Date: March 4, 2022 By: Lori Slavin
Regina Barzilay, PhD, a recently appointed Associate Member of the Ragon Institute and a MIT School of Engineering Distinguished Professor for AI and Health, is one of the principals of the new Artificial Intelligence/Machine Learning/human immunology collaborative initiative of the Ragon Institute and the Abdul Latif Jameel Clinic for Machine Learning in Health and the Schwarzman College of Computing of MIT. A winner of numerous scientific awards, including the MacArthur Fellowship “Genius Grant” in 2017, Barzilay’s groundbreaking discoveries include applying artificial intelligence and machine learning (“AI/ML”) to mammograms, predicting with impressive accuracy the incidence of breast cancer in patients up to five years before the emergence of clinical symptoms or detection by standard methods.
With philanthropic support from Mark and Lisa Schwartz, the Ragon Institute is well-positioned to expand upon AI/ML efforts already underway at the Ragon Institute, such as those from Bryan Bryson, PhD (Hie, B., et al. Science 2021). Barzilay has already begun working with Ragon Institute faculty Galit Alter, Gaurav Gaiha and Mathias Lichterfeld to develop algorithms to better understand and control the interaction of human immunology and diseases at the cellular level.
Barzilay spent years researching natural-language processing, an important AI/ML building block. Then, in 2014, she was diagnosed with breast cancer, prompting her to pivot her research toward a more urgent purpose — that of saving lives. Collaborating with Connie Lehman, MD, PhD, a breast radiologist at MGH, Barzilay and her team developed an AI/ML algorithm — called Mirai — to analyze hundreds of thousands of mammograms. The results accurately predicted future risk of cancer at more than twice the rate offered by traditional methods, a difference that could affect millions of patients. If confirmed in upcoming clinical trials, Mirai would signal a seismic shift in the diagnosis and treatment of breast cancer. Screenings, now age-based, could instead target each individual patient’s specific risk and would provide much earlier prognostic, not just diagnostic, information. These refinements would likely save countless lives and serve as an important building block in the development of many more AI/ML applications in clinical medicine.
Barzilay believes that AI/ML will have an equally groundbreaking impact on the field of human immunology, with the Ragon/MIT initiative as a catalyst. “AI/ML allows us to think differently about disease and its mechanisms, and using AI/ML at the cellular level allows us to understand human immunology and disease from a different perspective in ways that can be game-changing,” she says.

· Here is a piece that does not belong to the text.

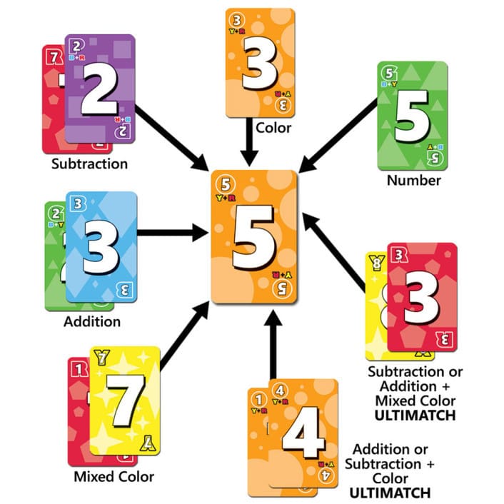 Cooperate to match cards and make your way up the pyramid as a team in this exciting, colorful, addictive game. Make clever matches by number or color. Will you use 1 card or 2? Addition or subtraction? Mix colors (yellow + blue = green)? Will you risk a card now or save it for later? Can you guess what card the other player needs? Make a perfect match of both number and color to feel the thrill and gain the rewards of an Ultimatch!
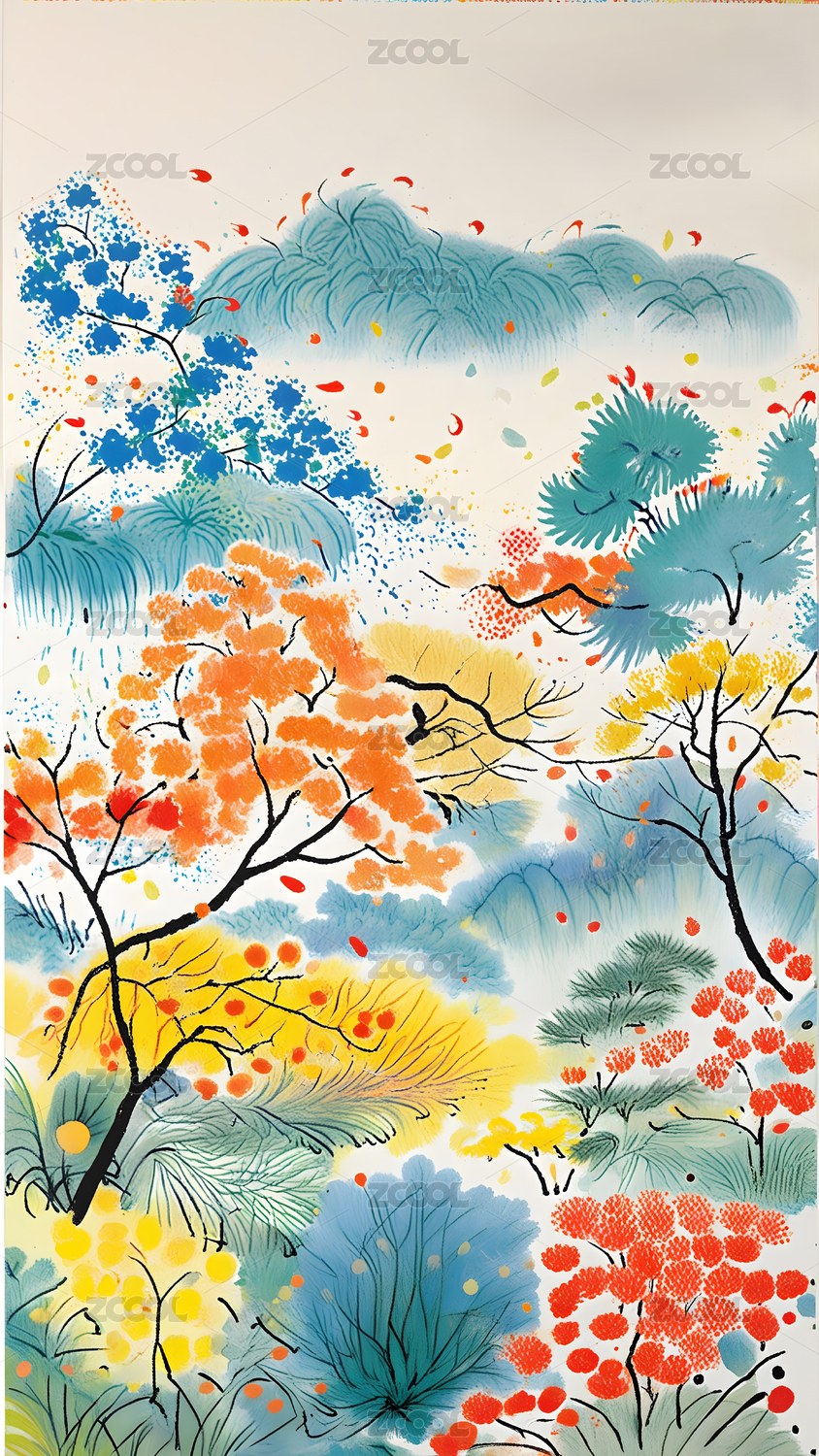 唯美山水树木写意节气插画

She believes that the initiative is also filling an important gap because “the field of immunology and the field of AI/ML are both very advanced, but historically, little work has been done at the intersection.” One of Barzilay’s current projects is a collaboration with Galit Alter, PhD, a Ragon Institute principal investigator, to predict which antibodies might be the most effective at neutralizing new variants of viruses such as SARs-CoV-2, which causes COVID. These efforts have already helped expedite such research.
Appreciating that most of her computer science colleagues “are not fortunate enough to have a Ragon Institute for their work,” Barzilay anticipates that Ragon scientists will provide the crucial link of “translating the language of immunology into language AI/ML scientists can use to contribute to the field.” She fully envisions that the end result will not only train a new generation of scientists who will be “bilingual” in the language of both immunology and AI/ML, and thereby “able to push both fields further forward,” but will also enable computer scientists elsewhere to access and use such information. Barzilay is convinced that such accessibility will further empower this impending revolution in the field of human immunology — and, she is not shy to suggest, even in all of basic biology — being ignited by the Ragon Institute and MIT’s AI/ML/human immunology collaborative initiative.